*** Data shown Section Begins ***
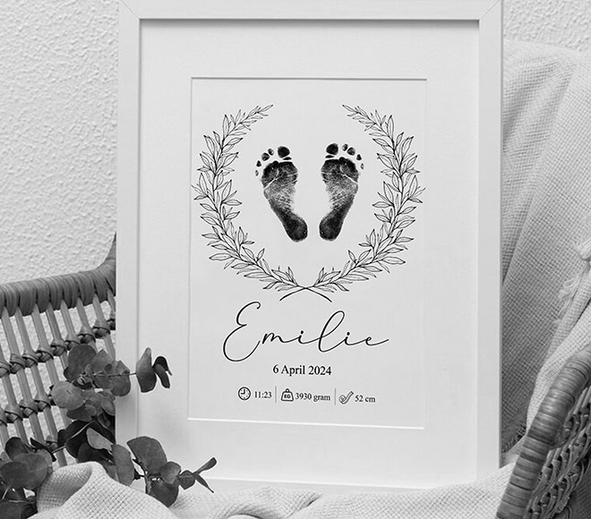 DISSE SMÅ FOTAVTRYKKENE BÆRER SPORENE AV DE FØRSTE STEGENE. SELV OM ÅRENE GÅR, VIL DISSE SPORENE MINNE DEG OM HVOR RASKT BARNET DITT VOKSER OG HVOR VERDIFULL HVER STUND ER.
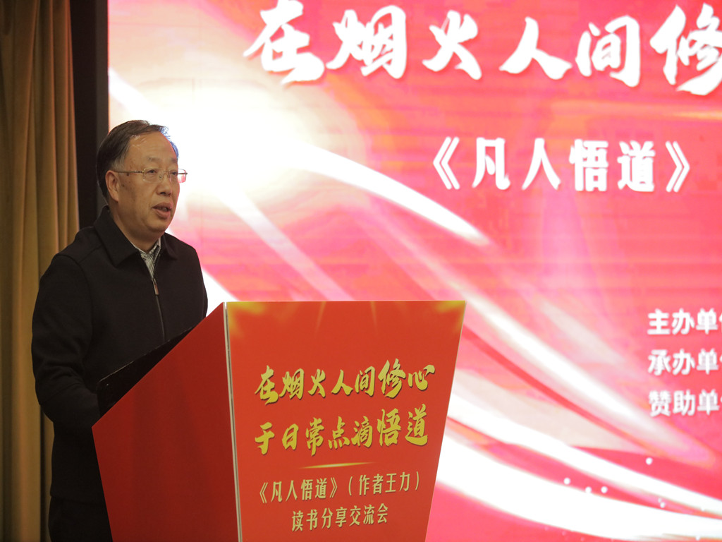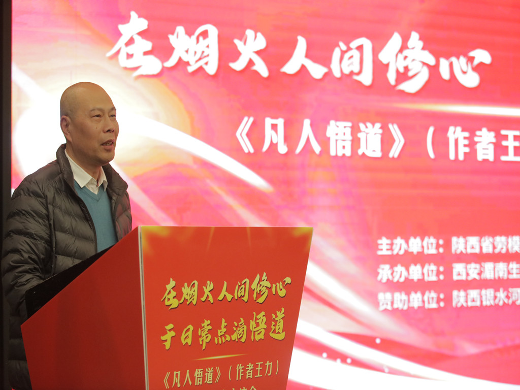 活动伊始,兰新哲首先介绍了陕西省劳模工匠协会的基本情况,他代表陕西省劳模工匠协会重点谈了主办这次读书分享会的背景,这是创新开展陕西省劳模工匠大讲堂品牌活动的有益尝试。他指出,《凡人悟道》作者王力先生,担任过大型国有企业的高管和工会主席,具有传奇的人生阅历,所以这次《凡人悟道》读书分享交流会必定别开生面、与众不同。同时就《凡人悟道》谈了两点感受,他指出《凡人悟道》中的“凡人”既可以是工人,也可以是所有劳动者,还可以是我们的劳模工匠。《凡人悟道》中的“道”应该是普通人熟知的大道理之外的更深层次的道理,那就是“劳动创造一切”“劳动创造未来!”
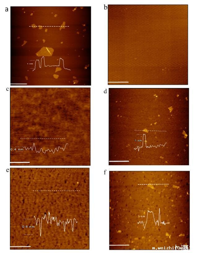 图 5. 新鲜切割的云母表面上的 AFM 图像(比例尺 = 1 μm):(a)干燥后的一滴 GO 分散体; (b) LB的对照实验 在空气-GO 水界面没有脂质沉积的薄膜; (c) 从空气-纯水界面转移的 DODAB LB 薄膜; (d) LB膜 从空气-GO水界面转移的DODAB; (e) 从空气-纯水界面转移的 DSEPC LB 薄膜; (f) LB膜 DSEPC 从空气-GO 水界面转移。 所有脂质 LB 膜都在 20 mN/m 的恒定表面压力下转移。
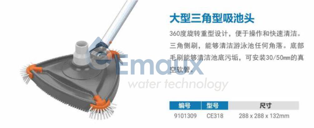 360度旋轉(zhuǎn)重型設(shè)計(jì),便于操作和快速清潔。三角側(cè)刷,能夠清潔游泳池任何角落。底部毛刷能夠清潔池底污垢,可安裝30/50mm的真空軟管。
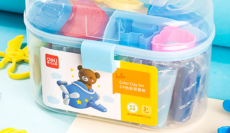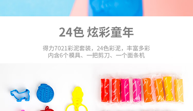 京东自营得力(deli)24色彩泥橡皮泥 DIY手工黏土 男孩女孩儿童橡皮泥玩具工具套装 六一儿童节礼物 蓝色 7021
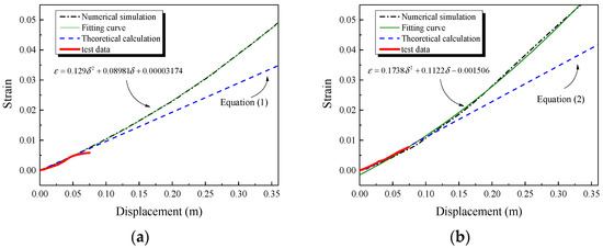 The strain-displacement curves of the cylindrical and E-shaped steel dampers obtained through numerical modeling in Figure 6 were fitted. Equations (3) and (4) establish the relationship between the two.
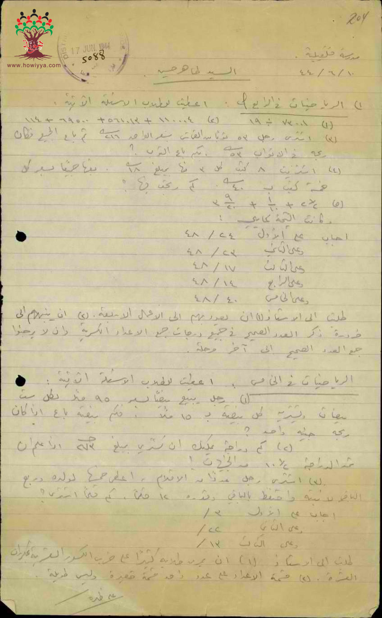 تقرير مفصل عن أداء المعلم طاهر حسين سنة 1944
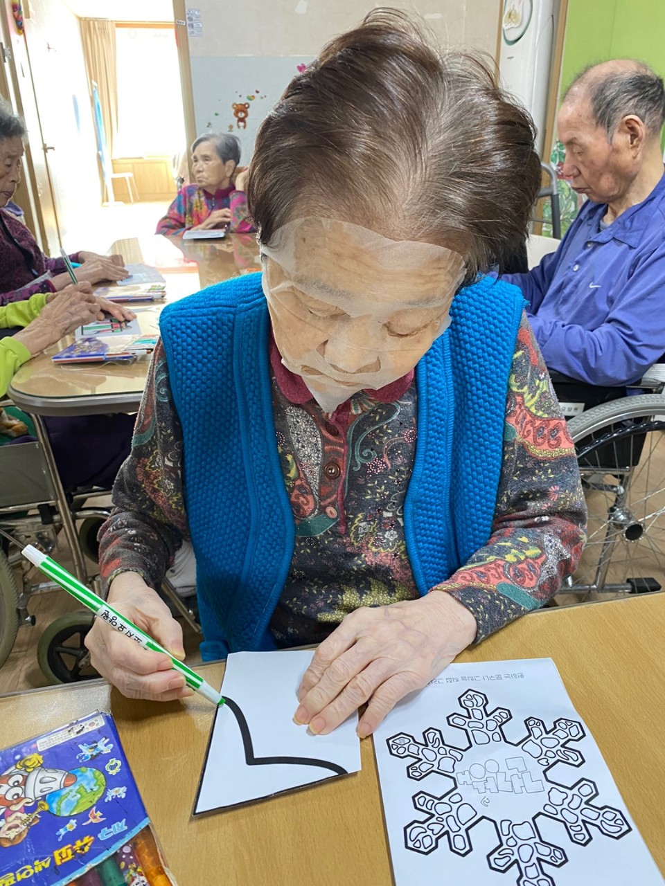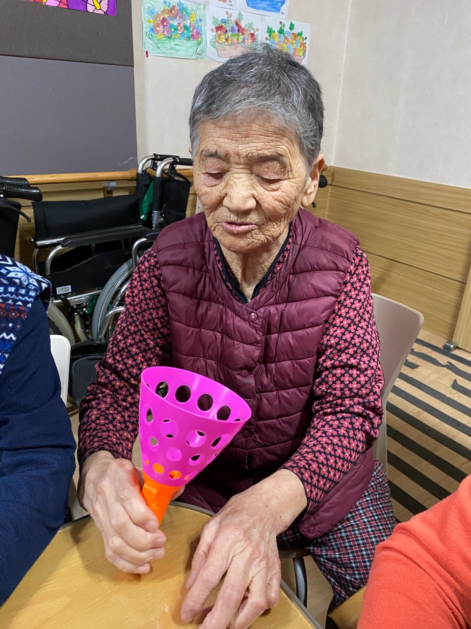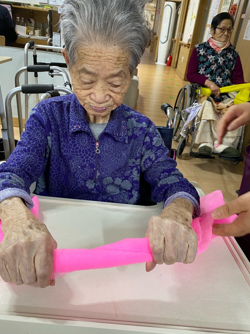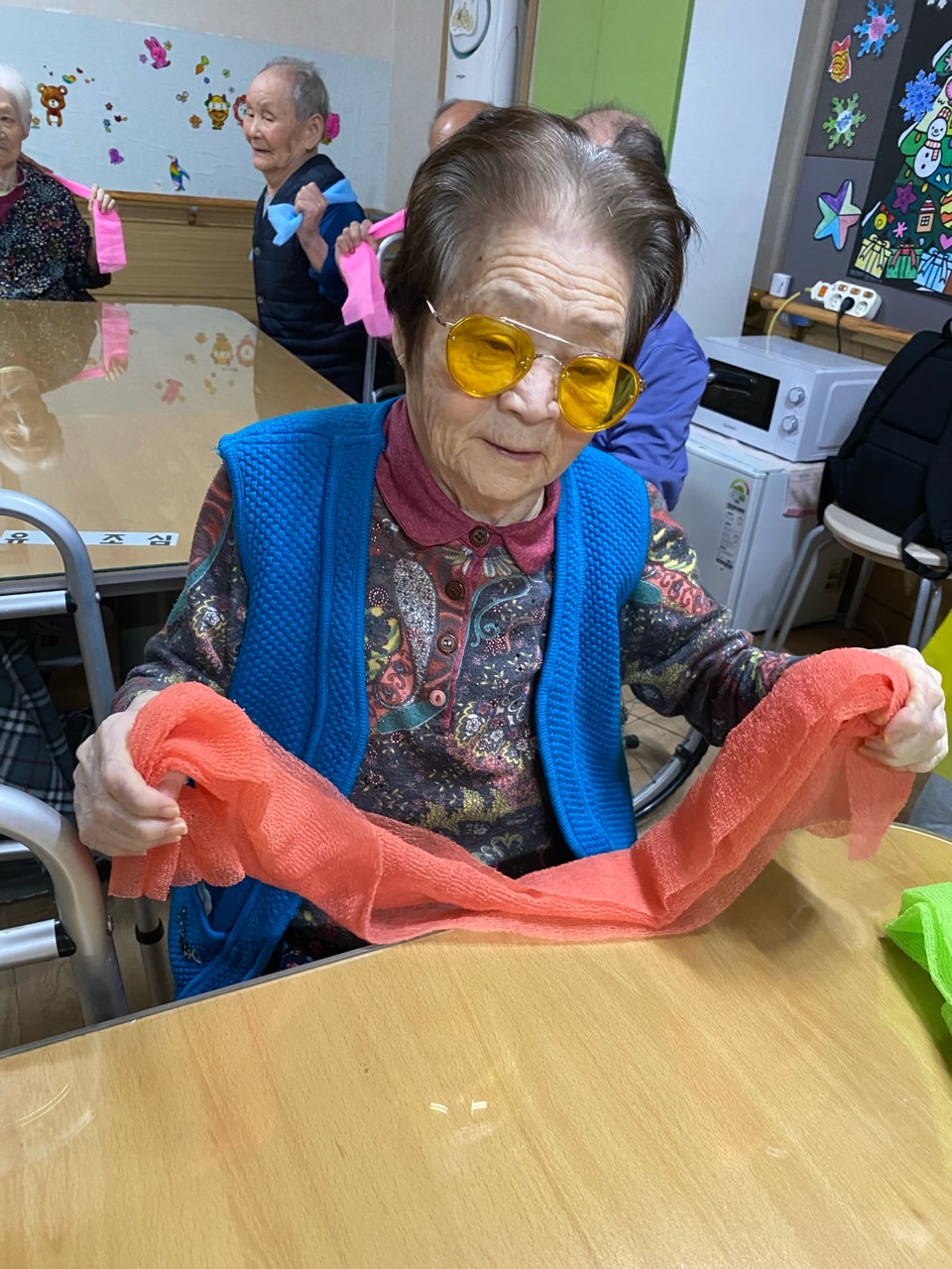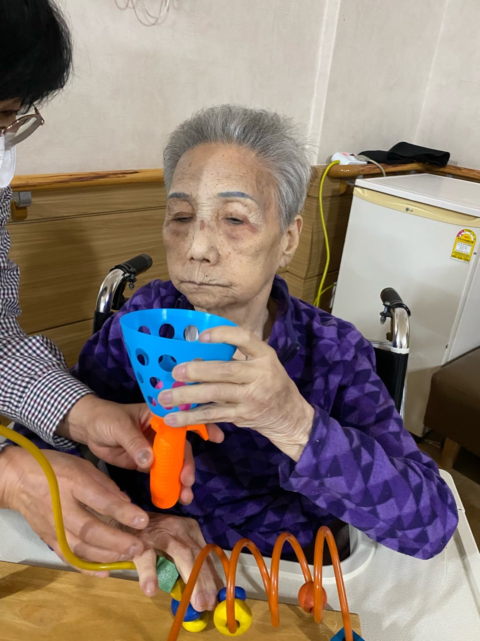 1. 어르신들의 얼굴을 물수건으로 닦아드린다.
*** Data shown Section Ends ***
Return every entry exactly, dropping the pictures.

[Exercise answer]
 DISSE SMÅ FOTAVTRYKKENE BÆRER SPORENE AV DE FØRSTE STEGENE. SELV OM ÅRENE GÅR, VIL DISSE SPORENE MINNE DEG OM HVOR RASKT BARNET DITT VOKSER OG HVOR VERDIFULL HVER STUND ER.
 活动伊始,兰新哲首先介绍了陕西省劳模工匠协会的基本情况,他代表陕西省劳模工匠协会重点谈了主办这次读书分享会的背景,这是创新开展陕西省劳模工匠大讲堂品牌活动的有益尝试。他指出,《凡人悟道》作者王力先生,担任过大型国有企业的高管和工会主席,具有传奇的人生阅历,所以这次《凡人悟道》读书分享交流会必定别开生面、与众不同。同时就《凡人悟道》谈了两点感受,他指出《凡人悟道》中的“凡人”既可以是工人,也可以是所有劳动者,还可以是我们的劳模工匠。《凡人悟道》中的“道”应该是普通人熟知的大道理之外的更深层次的道理,那就是“劳动创造一切”“劳动创造未来!”
 图 5. 新鲜切割的云母表面上的 AFM 图像(比例尺 = 1 μm):(a)干燥后的一滴 GO 分散体; (b) LB的对照实验 在空气-GO 水界面没有脂质沉积的薄膜; (c) 从空气-纯水界面转移的 DODAB LB 薄膜; (d) LB膜 从空气-GO水界面转移的DODAB; (e) 从空气-纯水界面转移的 DSEPC LB 薄膜; (f) LB膜 DSEPC 从空气-GO 水界面转移。 所有脂质 LB 膜都在 20 mN/m 的恒定表面压力下转移。
 360度旋轉(zhuǎn)重型設(shè)計(jì),便于操作和快速清潔。三角側(cè)刷,能夠清潔游泳池任何角落。底部毛刷能夠清潔池底污垢,可安裝30/50mm的真空軟管。
 京东自营得力(deli)24色彩泥橡皮泥 DIY手工黏土 男孩女孩儿童橡皮泥玩具工具套装 六一儿童节礼物 蓝色 7021
 The strain-displacement curves of the cylindrical and E-shaped steel dampers obtained through numerical modeling in Figure 6 were fitted. Equations (3) and (4) establish the relationship between the two.
 تقرير مفصل عن أداء المعلم طاهر حسين سنة 1944
 1. 어르신들의 얼굴을 물수건으로 닦아드린다.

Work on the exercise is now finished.